- AIM OF THE EXERCISE
The whole listing needs retyping exactly; keep the pictures out of it.

===== RAW DATA =====

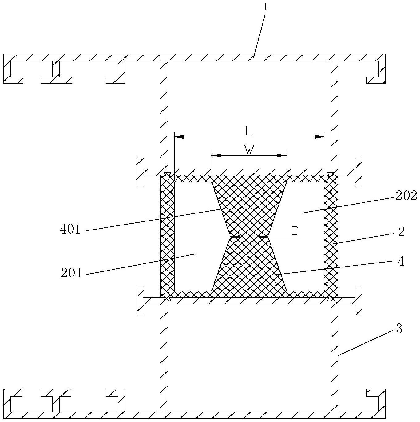 一种抗挤压型铝塑铝窗框型材,它涉及一种铝塑铝窗框型材。本实用新型为了解决现有铝塑铝窗框型材在低温环境下受撞击后,中间塑钢层容易出现裂缝损伤,导致其保温效果下降的问题。本实用新型包括外铝合金层、中间塑钢层和内铝合金层;外铝合金层、中间塑钢层和内铝合金层由外至内依次叠加固定连接;本实用新型还包括抗挤压支撑条,抗挤压支撑条插装在中间塑钢层的内腔中,且抗挤压支撑条的外侧面与中间塑钢层的内腔侧壁连接成一体,抗挤压支撑条的内侧面与中间塑钢层的内腔侧壁连接成一体。本实用新型属于门窗建材领域。
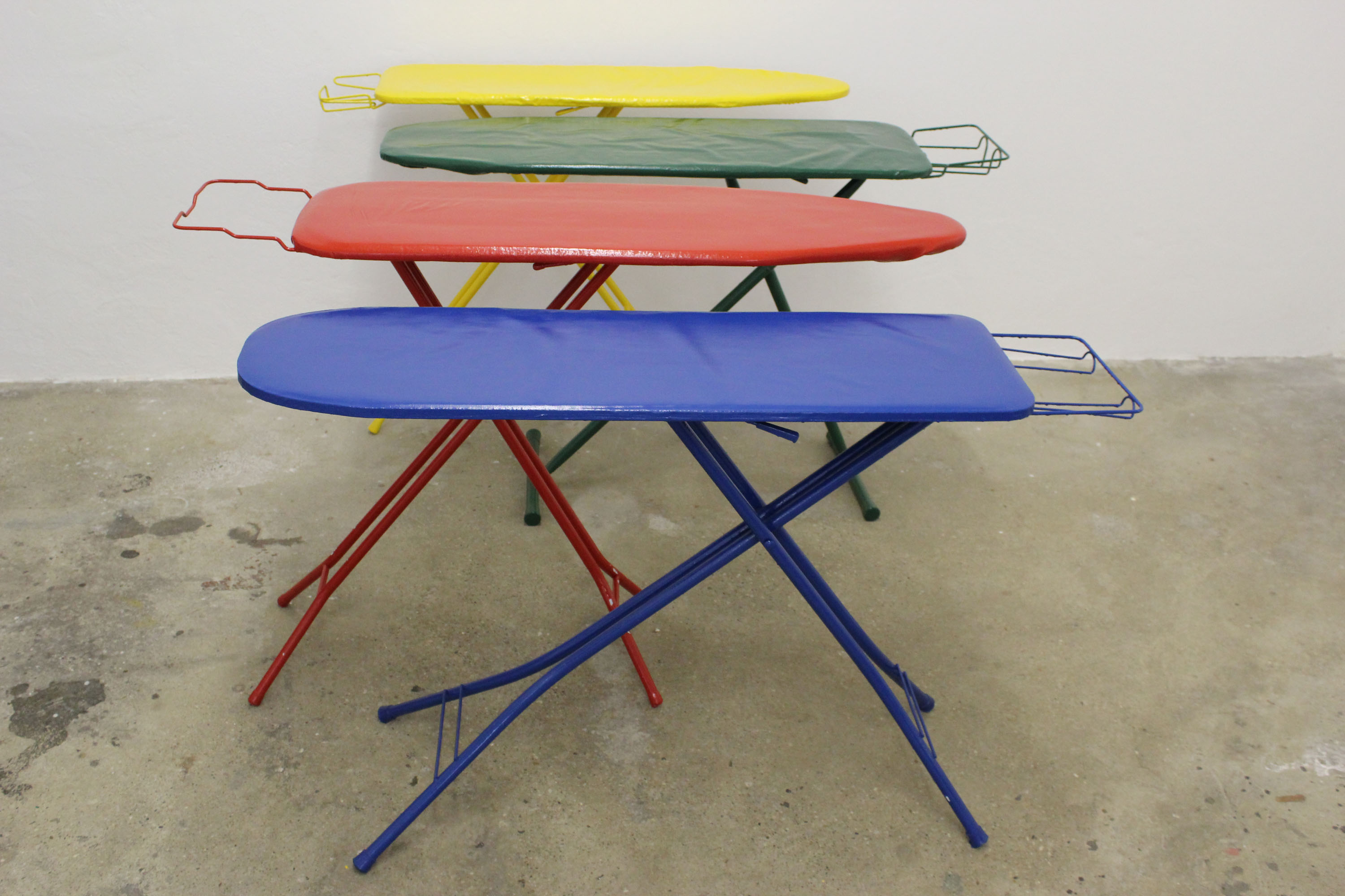 Acryllack auf Metall, Stoff (Bügelbretter)/Acrylic varnish on metal, fabric (ironing boards)
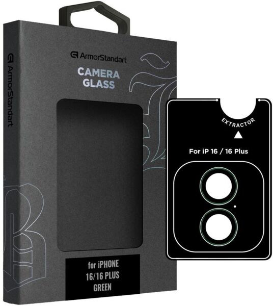 - Защитное стекло для камеры ArmorStandart Supreme BI для Apple iPhone 16/16 Plus Green (ARM79429)
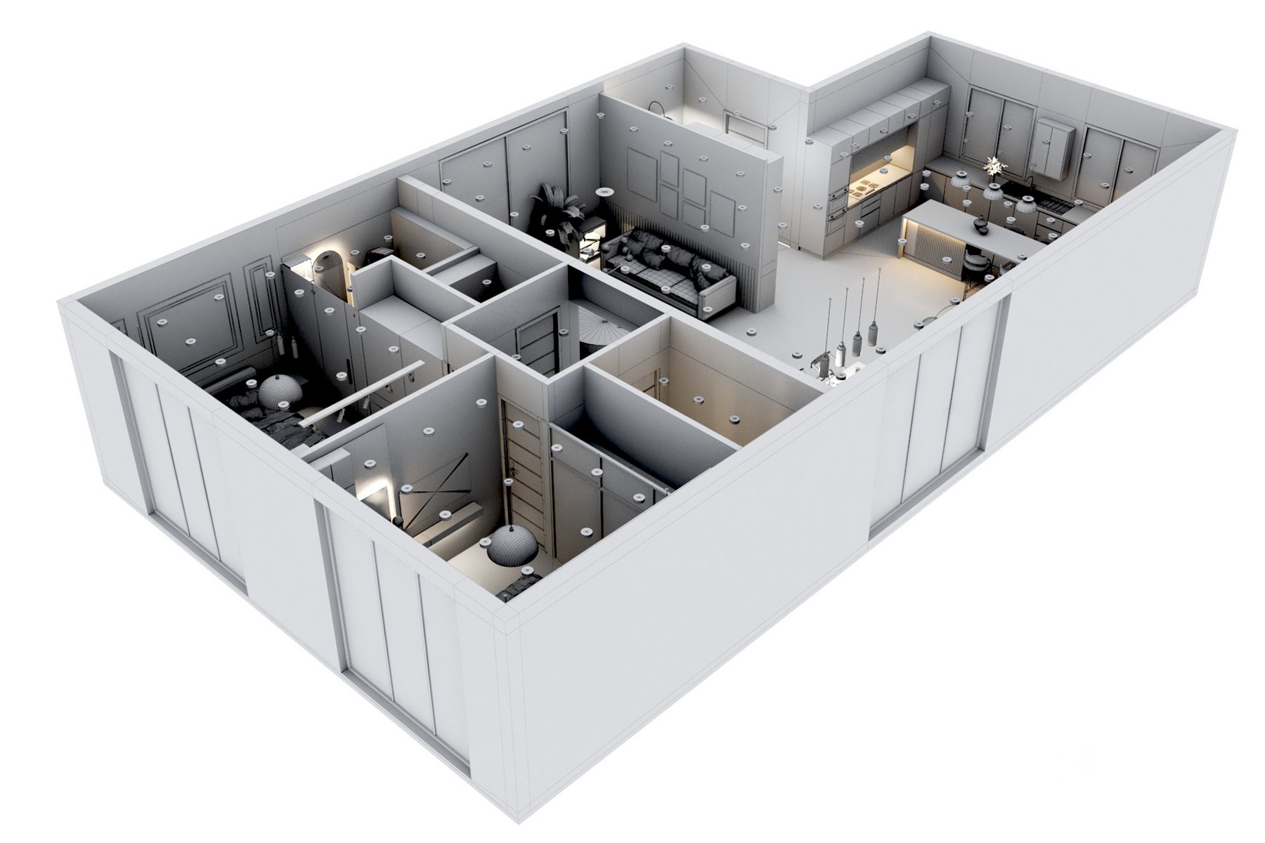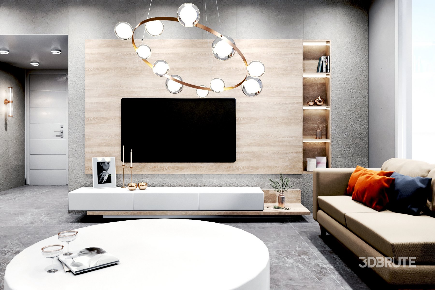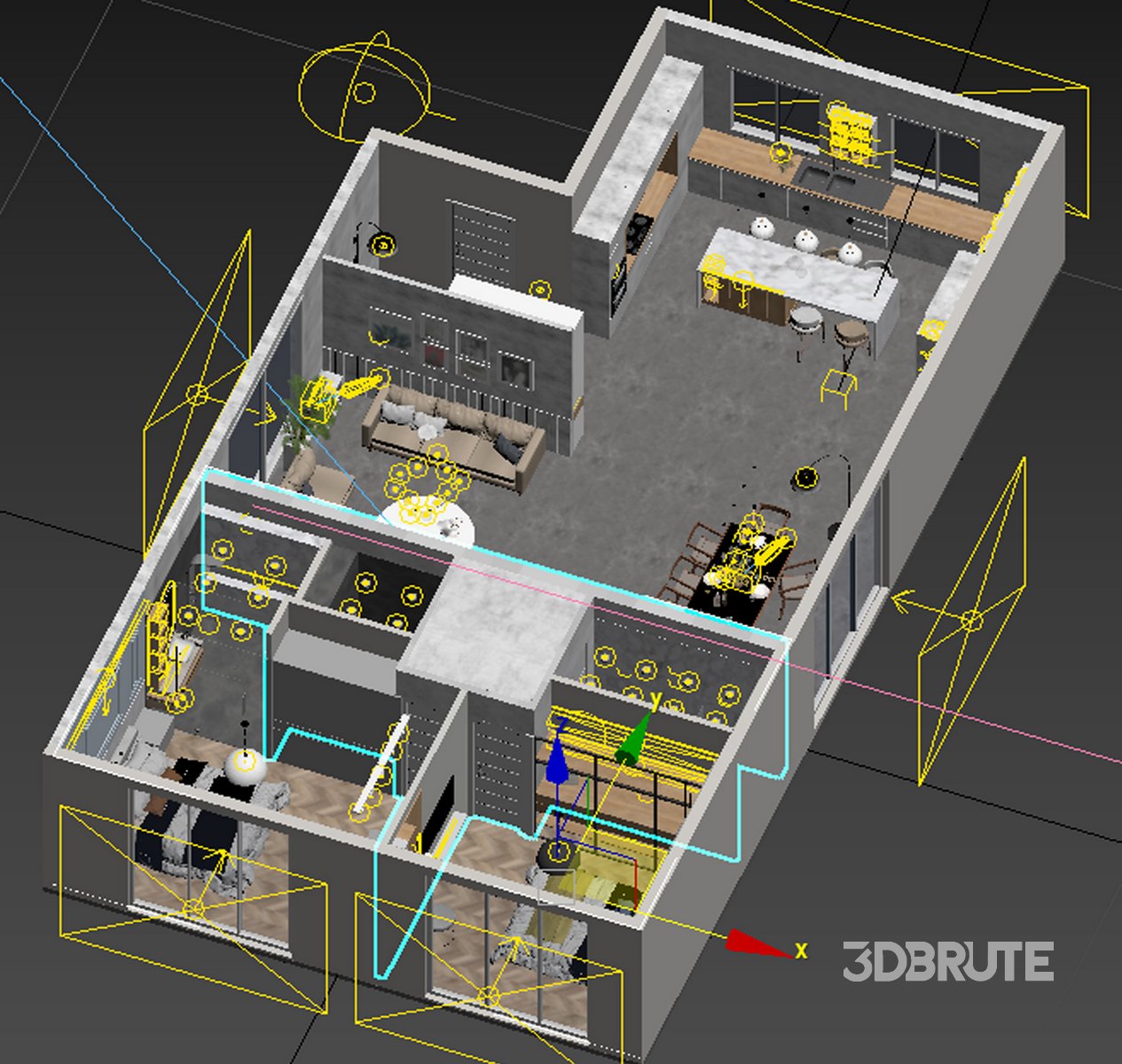 Apartment Interior Design 3D model - livingroom: Sofas, tv wall, Dining set, Wine Rack, floor light, ceiling lights, wall light, interior Plants, Decorative Set... The interior scene contains materials, light setup and cameras, The native file is 3dsmax-Vray but the file is converted to corona renderer too for corona users. It is ready to render with Vray + Corona renderer. The scene contains Max file, FBX file and OBJ Apartment Interior Design |

=====

- WRITTEN SOLUTION
 一种抗挤压型铝塑铝窗框型材,它涉及一种铝塑铝窗框型材。本实用新型为了解决现有铝塑铝窗框型材在低温环境下受撞击后,中间塑钢层容易出现裂缝损伤,导致其保温效果下降的问题。本实用新型包括外铝合金层、中间塑钢层和内铝合金层;外铝合金层、中间塑钢层和内铝合金层由外至内依次叠加固定连接;本实用新型还包括抗挤压支撑条,抗挤压支撑条插装在中间塑钢层的内腔中,且抗挤压支撑条的外侧面与中间塑钢层的内腔侧壁连接成一体,抗挤压支撑条的内侧面与中间塑钢层的内腔侧壁连接成一体。本实用新型属于门窗建材领域。
 Acryllack auf Metall, Stoff (Bügelbretter)/Acrylic varnish on metal, fabric (ironing boards)
 - Защитное стекло для камеры ArmorStandart Supreme BI для Apple iPhone 16/16 Plus Green (ARM79429)
 Apartment Interior Design 3D model - livingroom: Sofas, tv wall, Dining set, Wine Rack, floor light, ceiling lights, wall light, interior Plants, Decorative Set... The interior scene contains materials, light setup and cameras, The native file is 3dsmax-Vray but the file is converted to corona renderer too for corona users. It is ready to render with Vray + Corona renderer. The scene contains Max file, FBX file and OBJ Apartment Interior Design |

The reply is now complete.